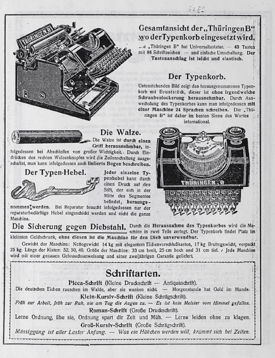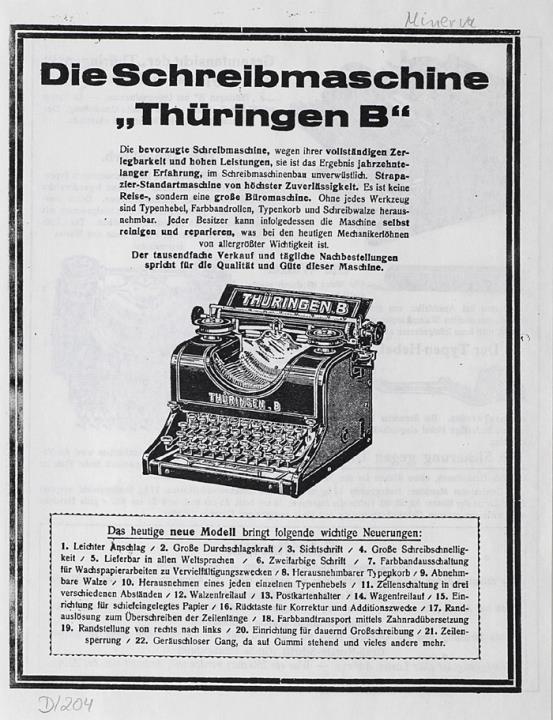 Prospekt für Schreibmaschine Thüringen B (Minerva) Fotokopie
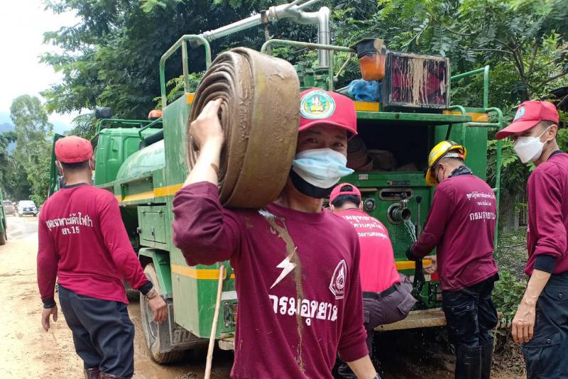 12 สิงหาคม 2564 หัวหน้าและเจ้าหน้าที่สถานีควบคุมไฟป่าพื้นที่ทรงงานดอยตุงฯ นำรถบรรทุกน้ำขนาด 4,000 ลิตร เข้าให้การช่วยเหลือราษฎรบ้านอาข่าสันเกล็ดทอง ม.7 ต.โป่งงาม อ.แม่สาย จ.เชียงราย กรณีประสบภัยพิบัติน้ำป่าไหลหลาก ร่วมกับศูนย์ปฏิบัติการไฟป่าเชียงราย/อุทยานแห่งชาติถ้ำหลวง - ขุนน้ำนางนอน/องค์การบริหารส่วนจังหวัดเชียงรายและฝ่ายปกครอง อำเภอแม่สาย
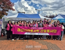 (데일리대구경북뉴스=황지현 기자)사)대한간호협회 경상북도 경산시간호사회(회장 송미숙, 대경대학교 간호학과 교수)는 10월 25일 삼성현역사문화공원 야외공연장에서 열린 ‘2025년 기부데이 및 사랑나눔 한마당 축제’에 참여해 이웃돕기 성금 100만 원을 경북사회복지공동모금회에 기탁했다. 이날 행사에는 경산시간호사회 회원 50여 명이 참여해 시민 2,000여 명을 대상으로 건강홍보관을 운영하며 지역사회 건강증진과 나눔문화 확산에 앞장섰다. ‘건강 생활 실천, 함께 하는 우리!’를 주제로 열린 건강홍보관에서는 ▲혈압 및 체성분 측정 ▲심뇌혈관질환 예방 수칙 안내 ▲만성질환 맞춤형 건강상담 등 생활 속 건강관리를 돕는 프로그램이 진행돼 가족 단위, 어르신, 청소년에 이르기까지 큰 호응을 얻었다. 송미숙 회장은 “간호사로서 간호 본질적 가치인 ‘돌봄과 사랑’을 실천하게 되어 뜻깊다”며, “앞으로도 지역사회 건강지킴이로써 시민과 함께하는 경산시간호사회가 되도록 최선을 다하겠다”고 말했다. 조현일 경산시장은 "나이팅게일의 희생과 봉사 정신을 실천해 주는 경산시간호사회의 따뜻한 마음에 감사드리며, 앞으로도 경산시민의 건강증진을 위해 많은 협조를 부탁드린다”고 전했다. 경산
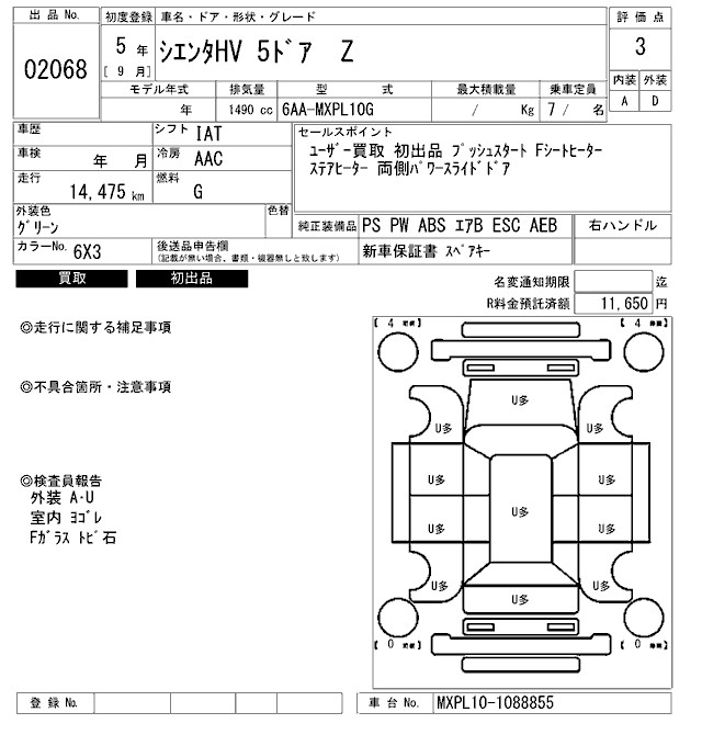 TOYOTA SIENTA - лот 2068
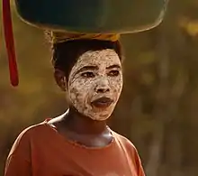 Malagasy woman from Madagascar wearing masonjoany, a traditional sunscreen whose use dates back to the 18th century
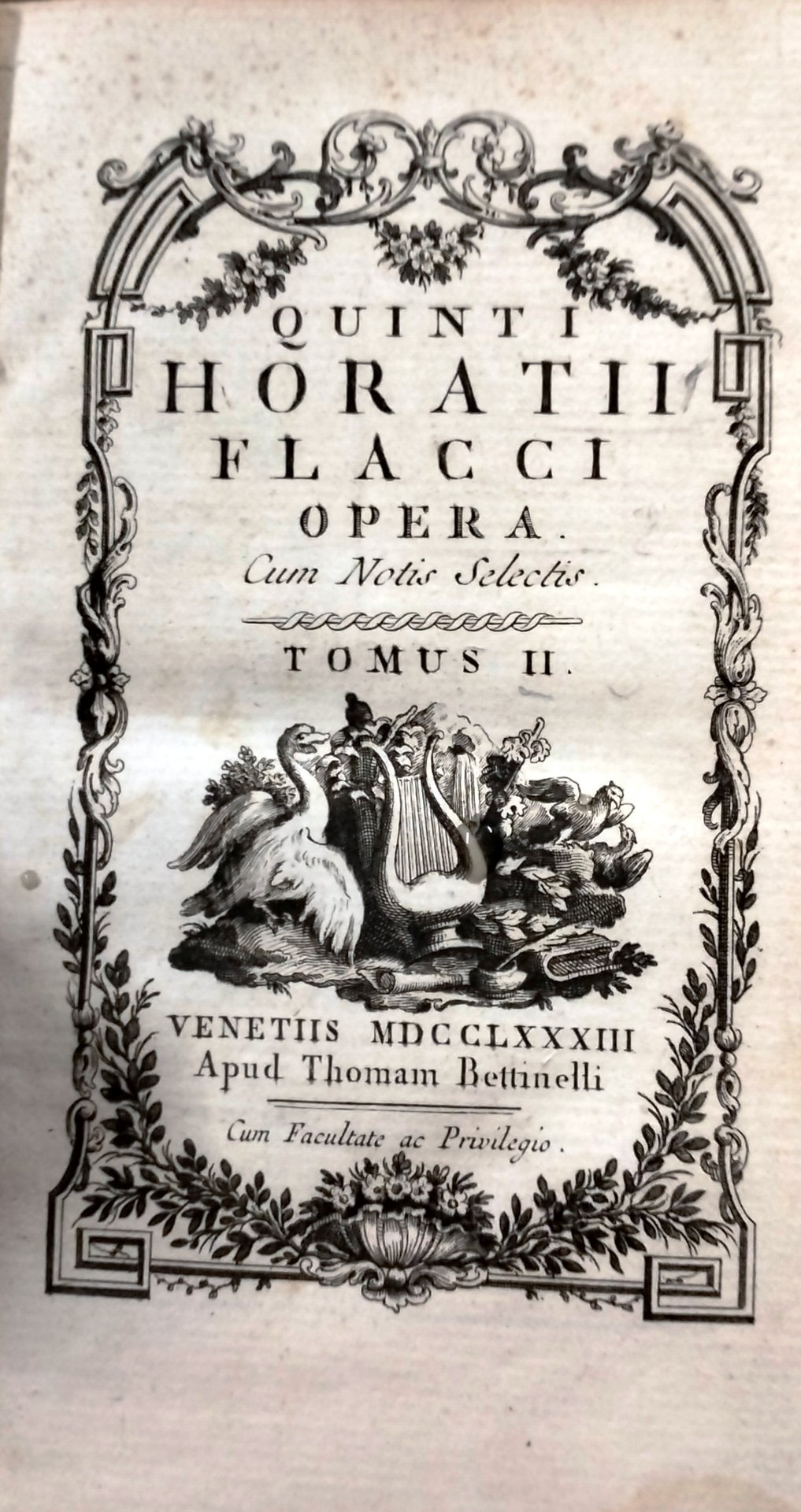 8° (cm. 18) legat. in tela blu recente tit. oro al dorso, voll. 2, pp. 232; 255. Con 2 bei frontesp. figurati e antiporta incisa in rame al 1° vol. Ottimo esempl.
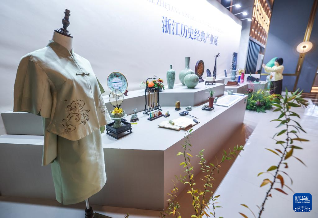 這是11月25日拍攝的(de)(de)浙江(jiang)歷史經典產業(ye)展臺上(shang)展示(shi)的(de)(de)浙江(jiang)特色產業(ye)名品和大師作(zuo)品。
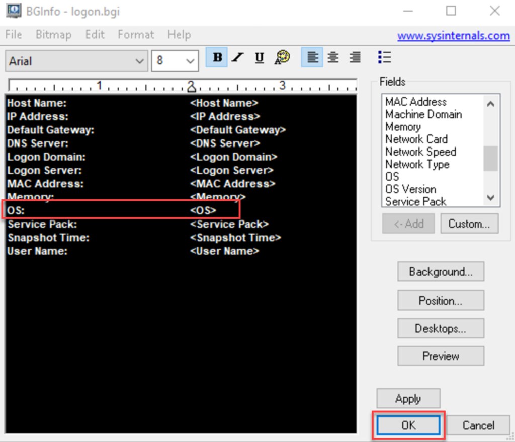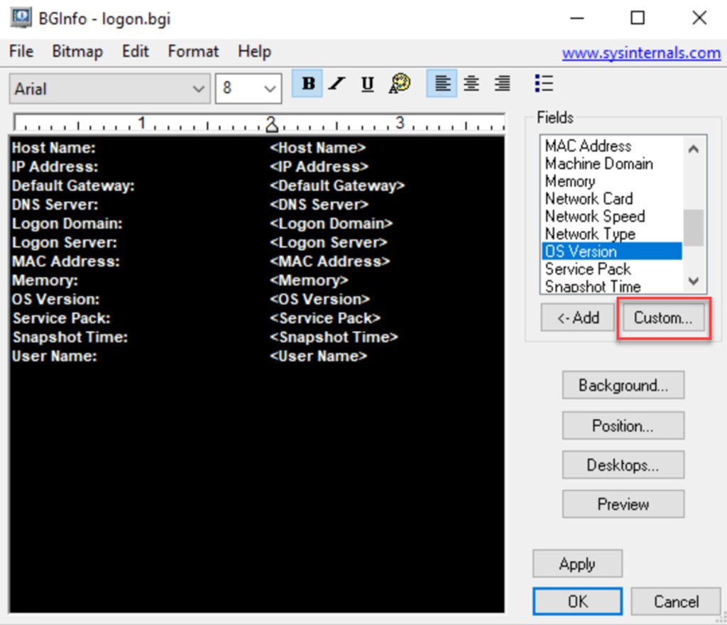 Now you can find the customized field (in my case OS) under the Fields list on the BGInfo main window, from where you can <-Add it to your customized file.
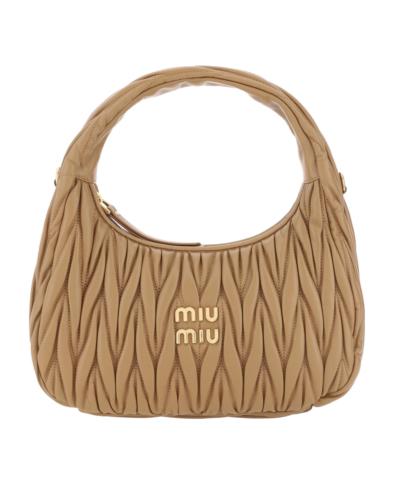 Lambskin wander shoulder bag by miu miu, quilted effect, contrasting embossed iconic brand monogram applied to the front, top zip closure, main compartment, iconic brand logo plaque applied to the interior, removable flat leather shoulder strap to attach to side panels.
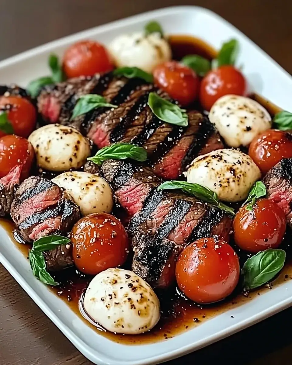 While the steak is resting, combine the cherry tomatoes, mozzarella, and basil in a bowl. Drizzle with the reserved marinade and toss gently to combine.
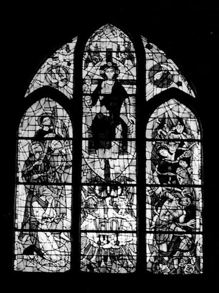Glas-in-lood raam in de St.Lambertuskerk voorstellende het laatste oordeel.

********************

* Task details: With the pictures removed, return all the entries exactly.

* Result:
 Prospekt für Schreibmaschine Thüringen B (Minerva) Fotokopie
 12 สิงหาคม 2564 หัวหน้าและเจ้าหน้าที่สถานีควบคุมไฟป่าพื้นที่ทรงงานดอยตุงฯ นำรถบรรทุกน้ำขนาด 4,000 ลิตร เข้าให้การช่วยเหลือราษฎรบ้านอาข่าสันเกล็ดทอง ม.7 ต.โป่งงาม อ.แม่สาย จ.เชียงราย กรณีประสบภัยพิบัติน้ำป่าไหลหลาก ร่วมกับศูนย์ปฏิบัติการไฟป่าเชียงราย/อุทยานแห่งชาติถ้ำหลวง - ขุนน้ำนางนอน/องค์การบริหารส่วนจังหวัดเชียงรายและฝ่ายปกครอง อำเภอแม่สาย
 (데일리대구경북뉴스=황지현 기자)사)대한간호협회 경상북도 경산시간호사회(회장 송미숙, 대경대학교 간호학과 교수)는 10월 25일 삼성현역사문화공원 야외공연장에서 열린 ‘2025년 기부데이 및 사랑나눔 한마당 축제’에 참여해 이웃돕기 성금 100만 원을 경북사회복지공동모금회에 기탁했다. 이날 행사에는 경산시간호사회 회원 50여 명이 참여해 시민 2,000여 명을 대상으로 건강홍보관을 운영하며 지역사회 건강증진과 나눔문화 확산에 앞장섰다. ‘건강 생활 실천, 함께 하는 우리!’를 주제로 열린 건강홍보관에서는 ▲혈압 및 체성분 측정 ▲심뇌혈관질환 예방 수칙 안내 ▲만성질환 맞춤형 건강상담 등 생활 속 건강관리를 돕는 프로그램이 진행돼 가족 단위, 어르신, 청소년에 이르기까지 큰 호응을 얻었다. 송미숙 회장은 “간호사로서 간호 본질적 가치인 ‘돌봄과 사랑’을 실천하게 되어 뜻깊다”며, “앞으로도 지역사회 건강지킴이로써 시민과 함께하는 경산시간호사회가 되도록 최선을 다하겠다”고 말했다. 조현일 경산시장은 "나이팅게일의 희생과 봉사 정신을 실천해 주는 경산시간호사회의 따뜻한 마음에 감사드리며, 앞으로도 경산시민의 건강증진을 위해 많은 협조를 부탁드린다”고 전했다. 경산
 TOYOTA SIENTA - лот 2068
 Malagasy woman from Madagascar wearing masonjoany, a traditional sunscreen whose use dates back to the 18th century
 8° (cm. 18) legat. in tela blu recente tit. oro al dorso, voll. 2, pp. 232; 255. Con 2 bei frontesp. figurati e antiporta incisa in rame al 1° vol. Ottimo esempl.
 這是11月25日拍攝的(de)(de)浙江(jiang)歷史經典產業(ye)展臺上(shang)展示(shi)的(de)(de)浙江(jiang)特色產業(ye)名品和大師作(zuo)品。
 Now you can find the customized field (in my case OS) under the Fields list on the BGInfo main window, from where you can <-Add it to your customized file.
 Lambskin wander shoulder bag by miu miu, quilted effect, contrasting embossed iconic brand monogram applied to the front, top zip closure, main compartment, iconic brand logo plaque applied to the interior, removable flat leather shoulder strap to attach to side panels.
 While the steak is resting, combine the cherry tomatoes, mozzarella, and basil in a bowl. Drizzle with the reserved marinade and toss gently to combine.
Glas-in-lood raam in de St.Lambertuskerk voorstellende het laatste oordeel.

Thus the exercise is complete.